Ah, Boids! One of my favorite examples of systems that can be "embarassingly parallel". I managed to write (with very little optimisation - not even using quadtrees to optimise neighbour lookup) a GPU accelerated version about a year ago that managed to stay above 30fps even up to about 5000 individual agents.
It also hammered home the problem of device/host memory reigions which you've got to deal with when doing GPU programming. I found that other, simpler, systems didn't manage to get as much speedup as Boids did, as transferring data, not computation, was where they bottlenecked. With Boids, by contrast, I could keep everything (computation, and rendering) on the GPU, and never even have to touch the CPU, aside from calling various CUDA and OpenCL functions.
Can you really call them agents if they are calculated on GPU? I always assumed that using GPU would reduce them to particles (colour + position). They were probably stored in a huge array as values rather than a linked list of objects?
They were stored as values in a huge array. I fail, however, to see how that causes them to be distinguished from "agents"? Surely they still fulfil the properties required to be "agents" in an abstract sense? They gather information about their environment (the positions of other agents), deliberate (work out where to move to next), and then act (change their position). That process is entirely abstracted from the storage method of the agent data itself!
I was inspired by this to create my own a few months ago. It uses a quadtree to optimize nearest neighbor lookup to ideally reduce complexity from n^2 to nlogn on each tick.
http://jrhdoty.github.io/SwarmJS/
The best data structure to use depends a lot on what you're actually doing with your neighbours.
If what you actually want to do is to have each boid be affected by each boid in a fixed-size neighbourhood, the best acceleration structure is actually just fixed-size bins.
I mean if your world is 1024 by 768, and a boid is affected by all other boids within 64 pixels of it, you should just break the world up into 16 by 12 bins, each representing a 64 by 64 pixel block.
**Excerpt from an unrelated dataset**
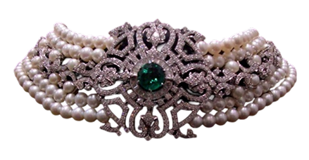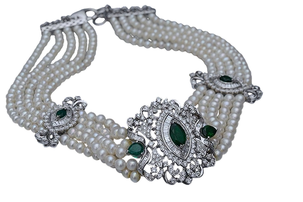 A majestic multi-strand pearl choker featuring a stunning natural diamond centerpiece, accented by matching side motifs. Royal elegance redefined.

Each of these blocks is just a growable array.
All of a boid's "close enough" neighbours will be found in the 8-neighbourhood of its block.
One important thing to note while implementing it is that you have to be a little smart about how you move boids from one bin to another. You don't want to get quadratic behaviour because you're removing individual boids from the middle of lists again and again, you don't want to accidentally move a boid twice in an iteration and so on. The best way to do this is to make a list of "boids to add" and "boids to delete" for each bin, which you build as you call "move", and which you apply after you've done your movement calculations on all of your boids.
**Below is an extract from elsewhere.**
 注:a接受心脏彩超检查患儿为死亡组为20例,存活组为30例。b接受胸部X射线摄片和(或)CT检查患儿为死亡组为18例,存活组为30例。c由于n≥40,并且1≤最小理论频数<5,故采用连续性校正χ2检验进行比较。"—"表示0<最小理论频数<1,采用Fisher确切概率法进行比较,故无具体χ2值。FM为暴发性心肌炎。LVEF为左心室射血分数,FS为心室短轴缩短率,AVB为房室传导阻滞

There are a few ways to be clever on going about it. One as you mentioned is to do a two phase scan one to move and one to correct the bins.
Also instead of a square shaped range you can get a hexagonal range by dividing corner boxes diagonally to two and then checking which half of square the boid is. :)
I think almost every AI-guy have tried making a boids simulation. They are such a good way to show emergent behavior from very simple rules.
I'm a TA for an AI-course at my uni, and this semester my students had to program a boids simulation for the first project. In addition to what's shown here, the boids also had to avoid obstacles and flee from predators. I think the students liked it, it's very rewarding to code and actually see the result.
The students also had to implement sliders, for how much cohesion, separation and alignment is weighted. It's pretty fun to change them and watch the behavior of the boids change.
It uses processing.js when I worked through it I just ended up implementing everything with canvas and making my own versions of the processing specific classes and functions needed.
It also hammered home the problem of device/host memory reigions which you've got to deal with when doing GPU programming. I found that other, simpler, systems didn't manage to get as much speedup as Boids did, as transferring data, not computation, was where they bottlenecked. With Boids, by contrast, I could keep everything (computation, and rendering) on the GPU, and never even have to touch the CPU, aside from calling various CUDA and OpenCL functions.